> **Data section**
_____
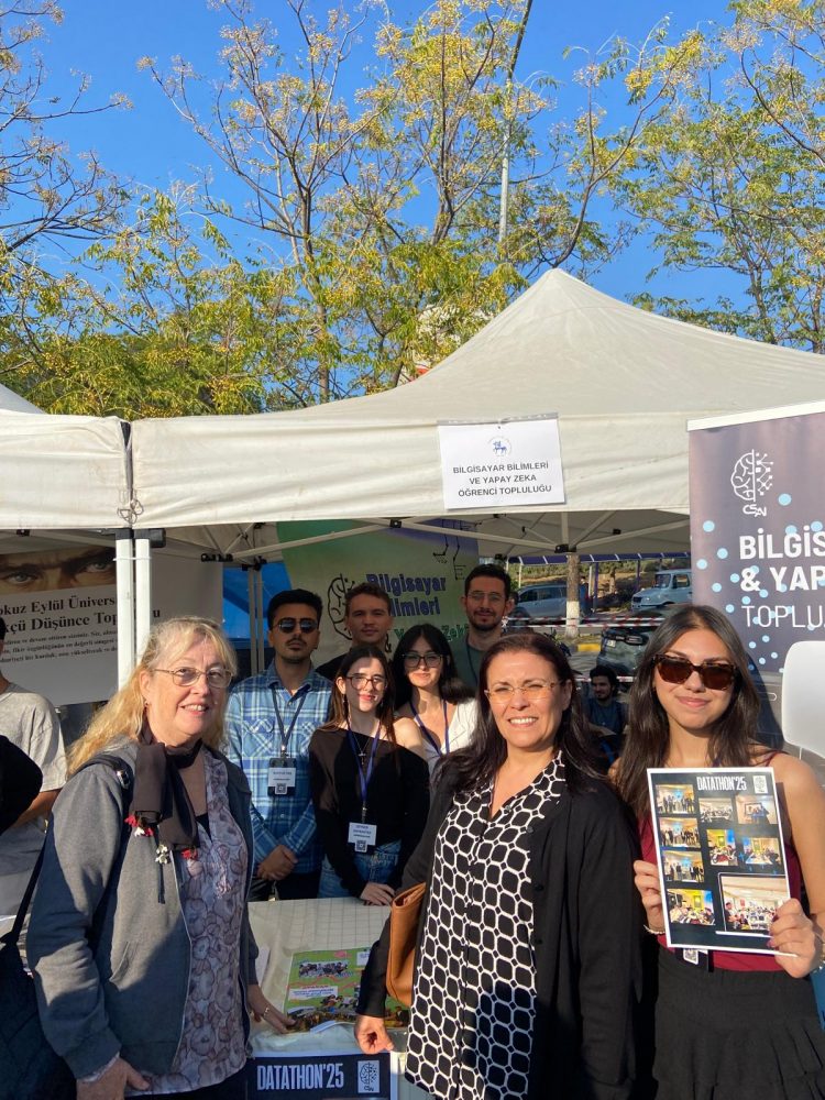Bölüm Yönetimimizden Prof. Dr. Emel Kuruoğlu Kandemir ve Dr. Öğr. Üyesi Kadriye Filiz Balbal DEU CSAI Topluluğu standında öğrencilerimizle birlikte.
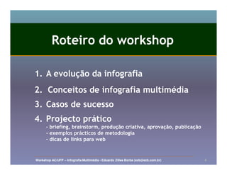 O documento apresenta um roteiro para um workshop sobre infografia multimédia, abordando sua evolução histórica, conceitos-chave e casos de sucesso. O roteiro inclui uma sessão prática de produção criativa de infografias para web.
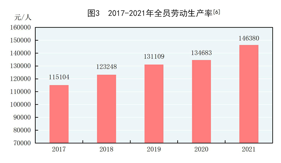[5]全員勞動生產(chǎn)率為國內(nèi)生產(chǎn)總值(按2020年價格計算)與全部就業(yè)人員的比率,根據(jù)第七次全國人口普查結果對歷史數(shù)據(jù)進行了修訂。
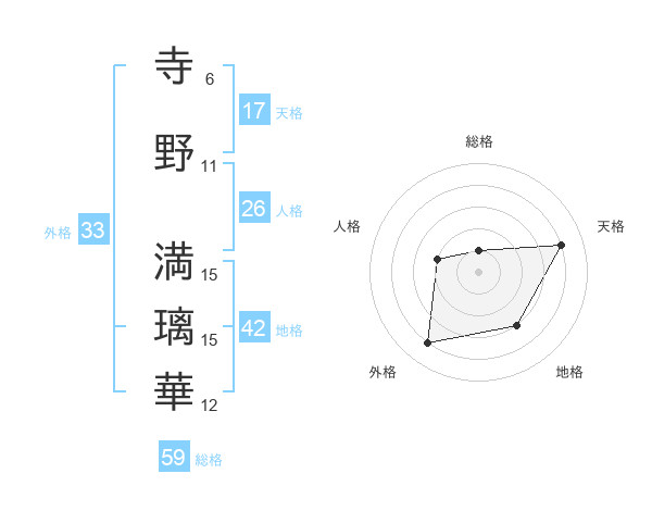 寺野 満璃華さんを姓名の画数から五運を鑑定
_____
Once the pictures are removed, copy the listing exactly.

Bölüm Yönetimimizden Prof. Dr. Emel Kuruoğlu Kandemir ve Dr. Öğr. Üyesi Kadriye Filiz Balbal DEU CSAI Topluluğu standında öğrencilerimizle birlikte.
 O documento apresenta um roteiro para um workshop sobre infografia multimédia, abordando sua evolução histórica, conceitos-chave e casos de sucesso. O roteiro inclui uma sessão prática de produção criativa de infografias para web.
[5]全員勞動生產(chǎn)率為國內(nèi)生產(chǎn)總值(按2020年價格計算)與全部就業(yè)人員的比率,根據(jù)第七次全國人口普查結果對歷史數(shù)據(jù)進行了修訂。
 寺野 満璃華さんを姓名の画数から五運を鑑定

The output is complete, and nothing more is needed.